LA COMETA NON S’ADDICE ALLA COMMEDIA EROICA
Operazione impossibile quella di allestire una «Commedia eroica in cinque atti in versi» nello spazio concentrato del Cometa Off. Certamente nell’adattamento di Matteo Fasanella è contemplata una riduzione, ma si tratta di una riduzione del testo che non corrisponde a una riduzione delle gesta ardimentose dei famosi cadetti di Guascogna. Fasanella, in un luogo simile, avrebbe dovuto presentare il suo Cyrano de Bergerac, come una commedia «da camera» per un quintetto poetico, invece, ha lasciato inalterato l’entusiasmo irrefrenabile dei moschettieri per il «gioco dello stocco»: arte irrappresentabile in pochi metri quadrati, laddove lo spirito dell’opera originale andava completamente rimaneggiata.
Il personaggio di Cyrano ideato da Rostand è, sì, un poeta, ma per diletto, per passione, per amore, perché prima di tutto è uno spadaccino al servizio della corona di Francia. Nella versione di Fasanella, invece, la parte dedicata alla spada in pratica non c’è. Non si vede mai un duello, non si vedono i cadetti, non si sentono le lame che si toccano. Cyrano, insomma, perde l’identità di schermidore concentrando la sua abilità soltanto nel comporre versi all’impronta. Se l’autore ha inventato un genio che sa utilizzare con la medesima destrezza la lama e le parole per tirare le sue sferzate (la metafora – lo sappiamo – è chiarissima), si dovrebbe vedere quel personaggio, che la storia dice riuscitissimo, nella sua completezza e non solo una metà.
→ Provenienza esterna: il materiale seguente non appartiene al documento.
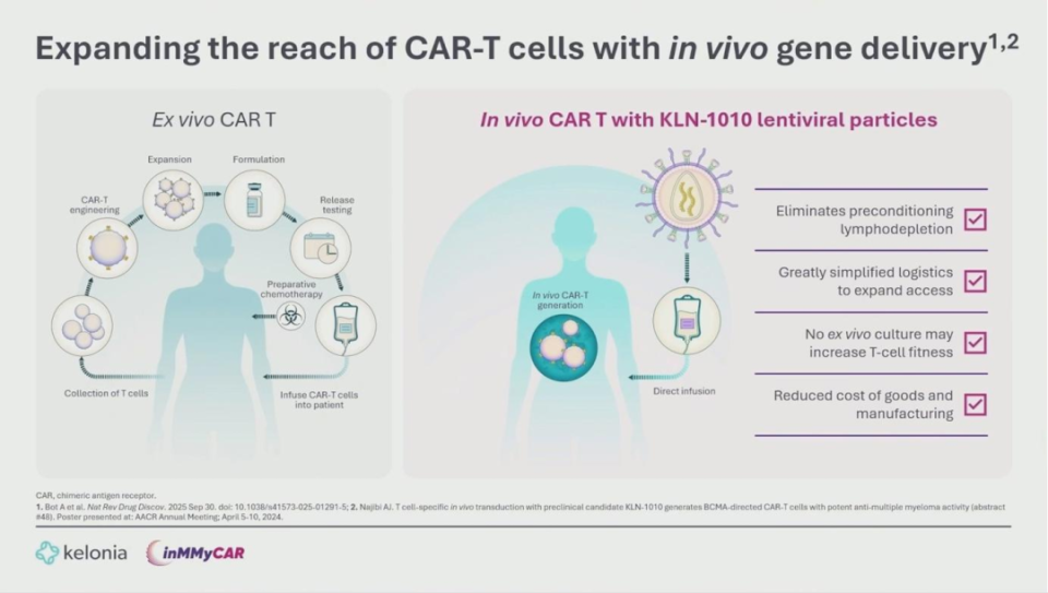 传统CAR-T疗法虽然有效,但受累于包括T细胞采集、体外工程改造和扩增在内的复杂制备工艺。此外,患者必须接受清淋化疗以促进CAR-T扩增,这会导致显著的毒性。KLN-1010通过静脉注射改良的慢病毒载体(LVV),将CAR转基因直接递送至患者体内,从而规避了这些障碍。

Le spade in scena ci sono, vengono impugnate, agitate (con cautela per timor di danneggiare), esibite più in verticale che in orizzontale, ma, al momento di incrociare i ferri, un’inquartata striminzita, una parata di sbieco e alla fin della licenza il tocco è sfumato. Fasanella non reiventa un Cyrano anziano e ormai fiaccato nel fisico, che ricorda le gesta di un passato glorioso, ma segue la scrittura dell’autore al presente, dove sfoggia le sue energie con agilità e passione, cosicché è il testo, più degli attori, a patirne le conseguenze, a rimanere schiacciato tra le strette pareti di una stanza: soprattutto il famoso brano in difesa del naso e la Ballata del duello, scene divenute ormai icone teatrali, ma qui trasformate in mera declamazione di versi priva di qualsiasi abile e baldanzosa azione all’arma bianca.
A conferma di quel che sostengo è il fatto che l’allestimento acquista un suo fascino nella scena del balcone, quando Cyrano, avvolto dal mantello della notte, si sostituisce a Cristiano e corteggia lui direttamente Rossana. Allora la poesia prende il sopravvento, la recitazione, sposando i piccoli gesti e i leggeri movimenti, cresce e diventa più godibile. Matteo Fasanella, infatti, declama con buona tecnica i versi martelliani di Mario Giobbe che tradusse il testo di Edmond Rostand nel 1898. Ma anche in questa occasione lo spazio riserva le sue inconvenienze: Rossana è posta su un ballatoio altissimo, rispetto al piano della recita, ed essendo gli attori troppo vicino agli spettatori, questi o guardano su in alto perdendosi i duetti, o guardano giù perdendo le reazioni di lei!
Alcune scene di gruppo – tra cui la battaglia finale – sono mostrate attraverso la trasparenza di un telo, su cui dal retro sono proiettate le ombre degli interpreti che comunque non hanno spazio opportuno per muoversi adeguatamente. Per carità, non mi si fraintenda, non è un errore portare oggi in scena il Cyrano de Bergerac, è soltanto sbagliato pensare di fare un allestimento di una commedia tanto movimentata al Cometa Off che ha struttura intima e riservata eleganza, qualità adatte per un altro genere di spettacoli, non certo per la commedia eroica. Dove le corse fuori scena dei cadetti finiscono inevitabilmente contro una parete!